If you want to get into the exciting world of beer infusing, then you won’t need to look far or spend a lot of money for your new hobby. All you need is a French press and some common spices, herbs, fruits, and such that can easily be found in grocery stores and home brewing supply shops.

As a rule, you should let your infusions steep for three minutes before you strain and taste them. Letting it steep longer than this will strengthen the flavor, but it could easily overstrengthen it. However, you shouldn’t worry about the outcome too much. You only need to risk one bottle and a few cheap ingredients for each experiment, so you aren’t losing much if it doesn’t work out. You also might end up discovering an incredible flavor combination!
If you need some inspiration, here are a few recipes for different infusions for your beer:

Ginger Grapefruit Ale
Zest a medium sized grapefruit and put it into the French press.
Squeeze the juice from two grapefruit segments into the press as well, and add the pulp as well.
Dice 2 teaspoons of fresh ginger root and put it in the press, along with 12 ounces of pale ale. Infuse and enjoy.

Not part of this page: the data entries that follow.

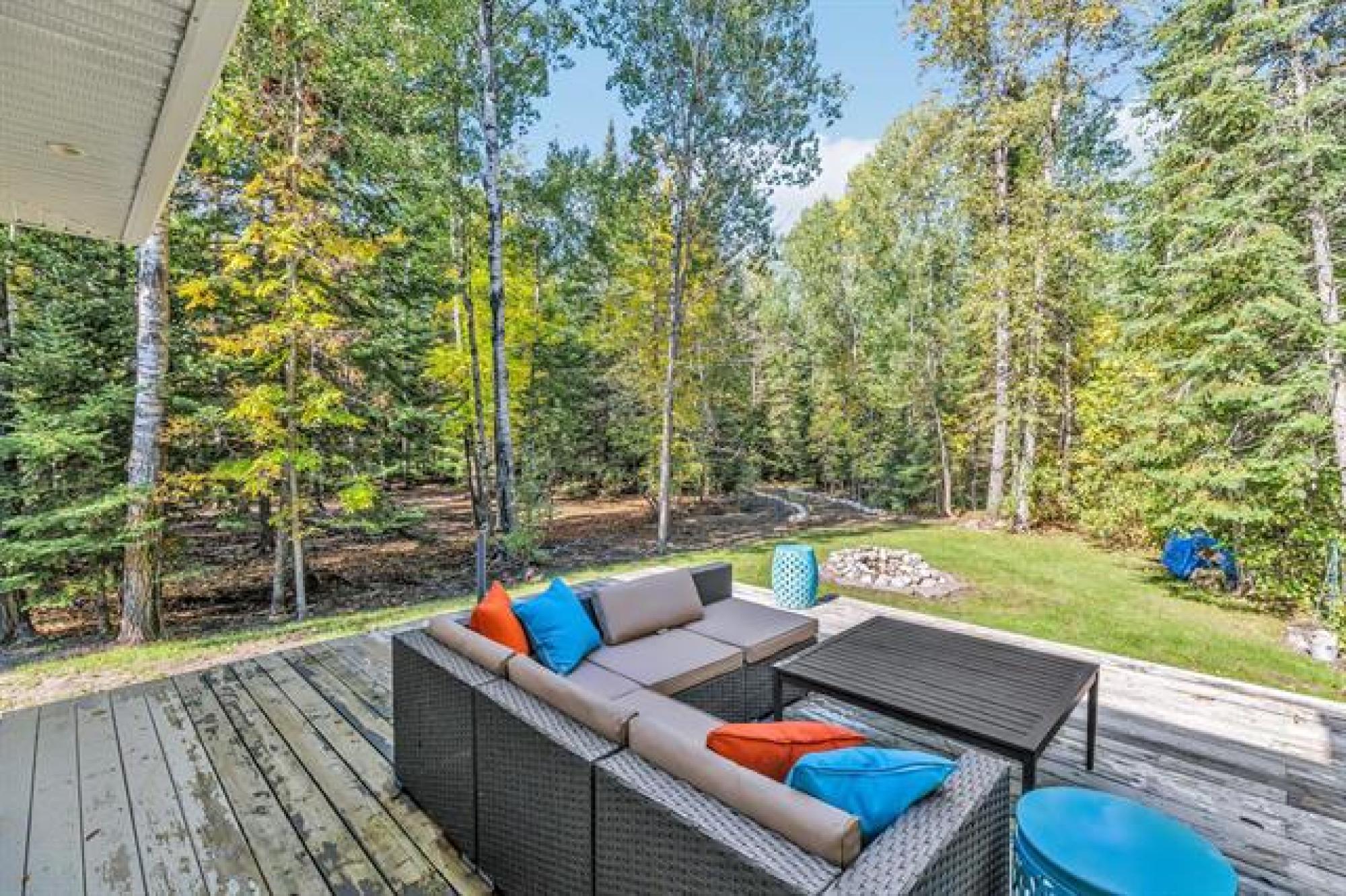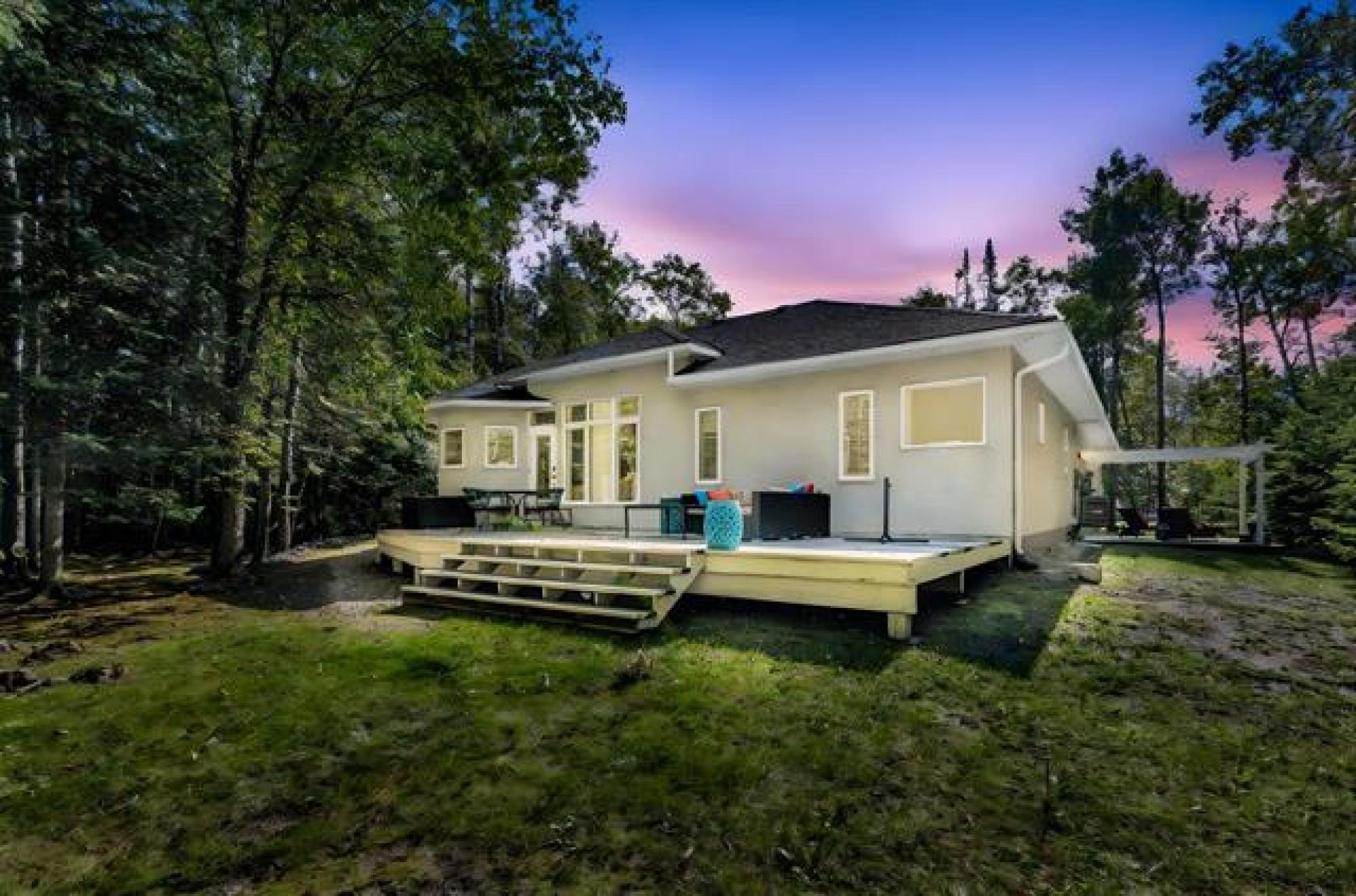 Built in 2011, this bright & spacious bungalow offers luxurious living space, nestled on a beautifully treed & private lot right on Grand Pines Golf Course. This property provides the perfect balance of seclusion and convenience, minutes from beaches, restaurants, shops & world-class golf. You'll love the gourmet kitchen w granite countertops & built-in double oven. The expansive living area boasts maple hardwood floors throughout, 10ft ceilings & triple-pane windows that flood the home w natural light while offering breathtaking views of the backyard forest. Enjoy three spacious bedrooms, including a primary suite w ensuite & WIC. The 33x23 insulated garage offers 12ft ceilings & custom shelving. Enjoy the outdoors from the covered front porch, side deck w pergola, rear deck, or fire pit. As a bonus, the vacant treed lot next door is included, providing extra privacy or endless opportunities for future development. Loads of updates: HWT '22, sump '21, ovens & cooktop '24, countertops '24, new closet shelving, and new leaf filter system to eaves just added ($20k). This is a rare, once-in-a-lifetime opportunity to own a private retreat or year round home, only 1 hr from the north perimeter.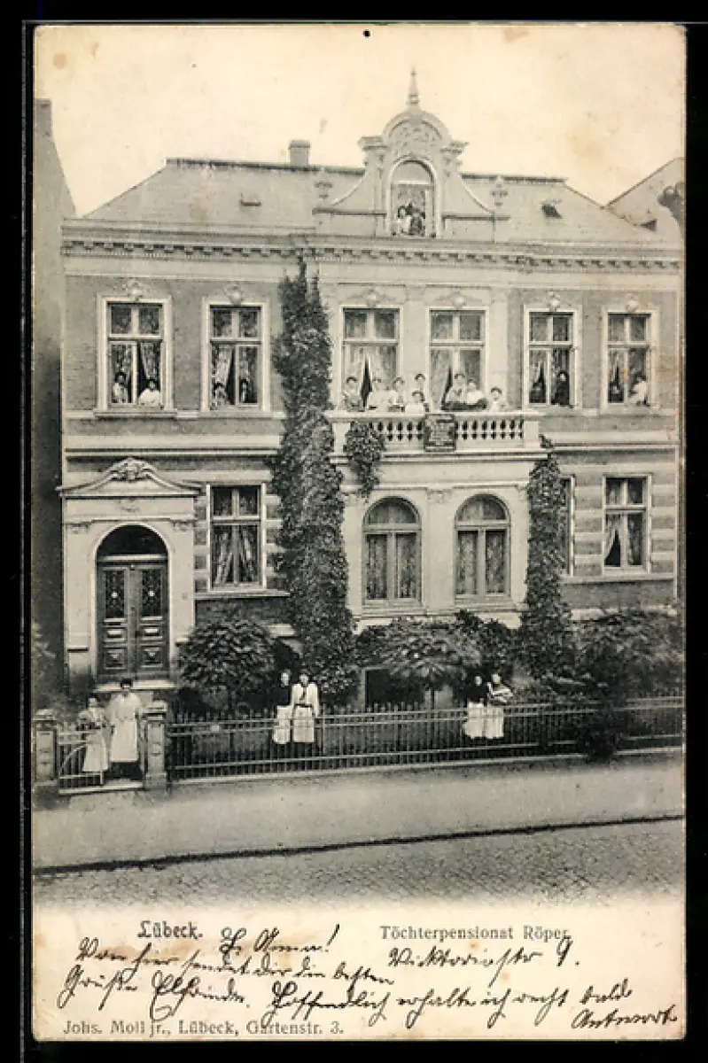 AK Lübeck, Frontalansicht vom Töchterpensionat Röper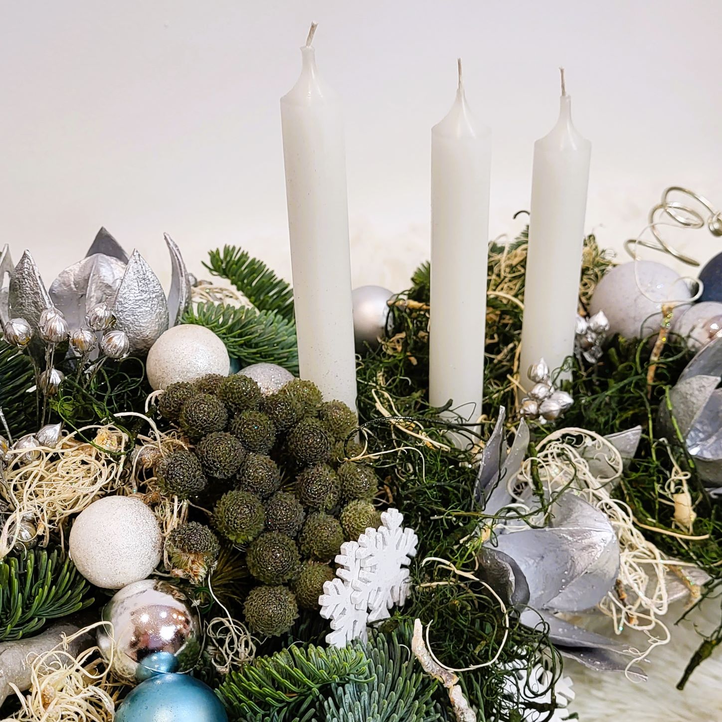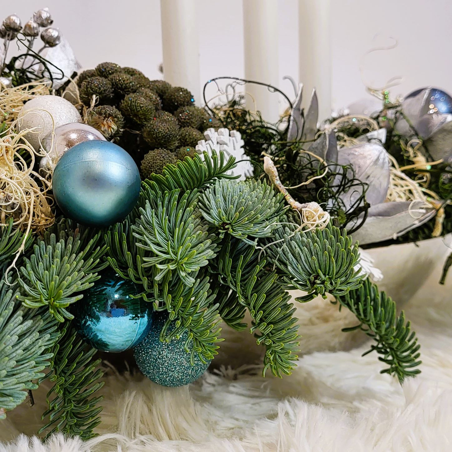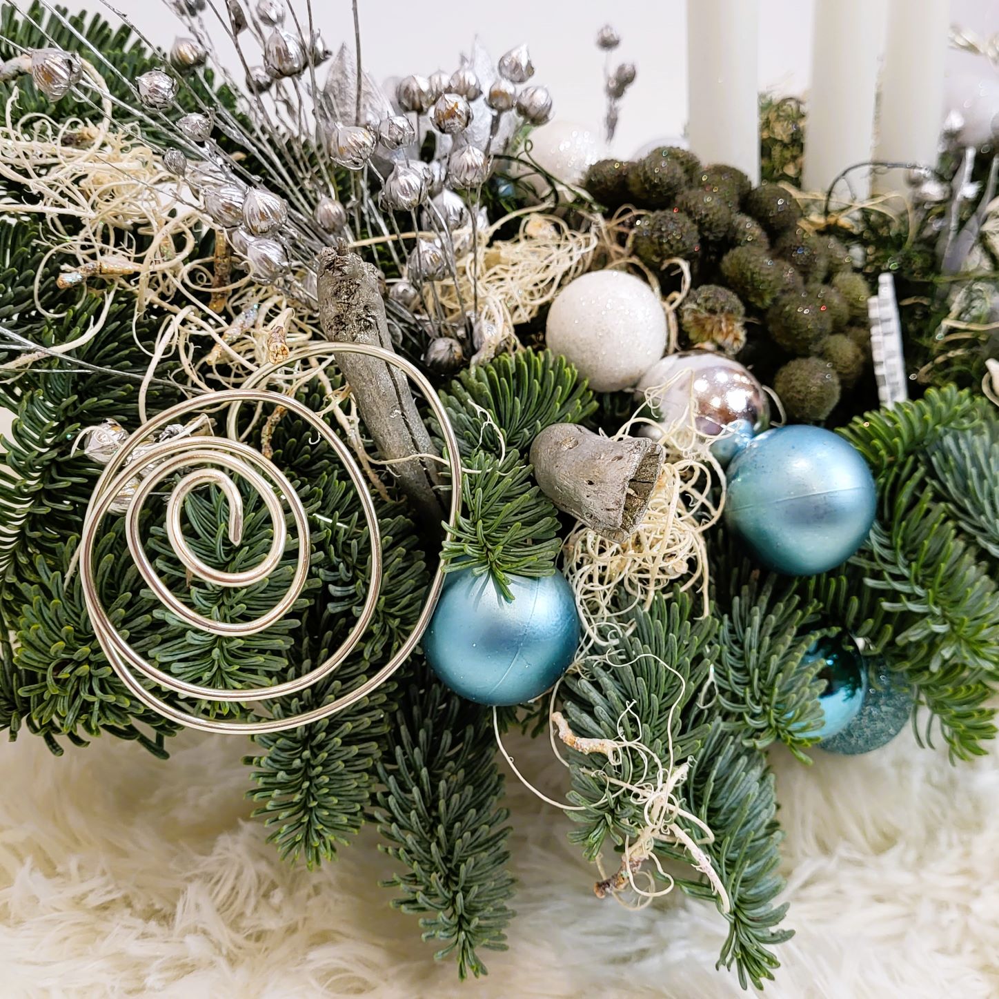 Este construit cu brad natural olandez, pe suport de burete umed, care îi asigură o hidratare de durată. Decorarea este făcută cu globuri în mai multe culori, plante conservate, mușchi conservat în două culori și alte elemente de decor specifice. Aranjamentul este prevăzut cu 3 lumânări albe.

Smokey Oak and Coffee Stout
Add 1 tablespoon of coffee beans, coarsely ground, together with ¼ cup of smoked oak chips, to your French press.
Pour in a 12 ounce Imperial Stout, and let it steep.

You should know, though, that this is one robust infusion. Don’t say we didn’t warn you.

Chocolate Nibs and Fruit
Put 1 table spoon of cocoa nibs into your French press, and pour a 12 ounce fruity wheat beer over them.

The chocolate nibs add a rich, bitter flavor that acts as a counterpoint to the fruity tastes of the beer.

Oak, Smoke, Cocoa, Coconut
Put 1 tablespoon of shredded, unsweetened coconut into the press.

Add 1 tablespoon of cocoa nibs and ¼ cup of smoked oak chips.
Pour in a 16 ounce bottle of a bitter ale.
The resulting complex flavor is something that any beer lover has to try.
Infusion is a fun and inexpensive hobby that you can pursue at home. You can use it to explore the true potential of the brewer’s craft on your own, or you can force your buddies to try out your  “interesting” concoctions when they stop by randomly. But whatever you do, make sure you warn them what you’re doing beforehand. We don’t need any long-standing friend beefs forming from this little infusion experiment, now do we.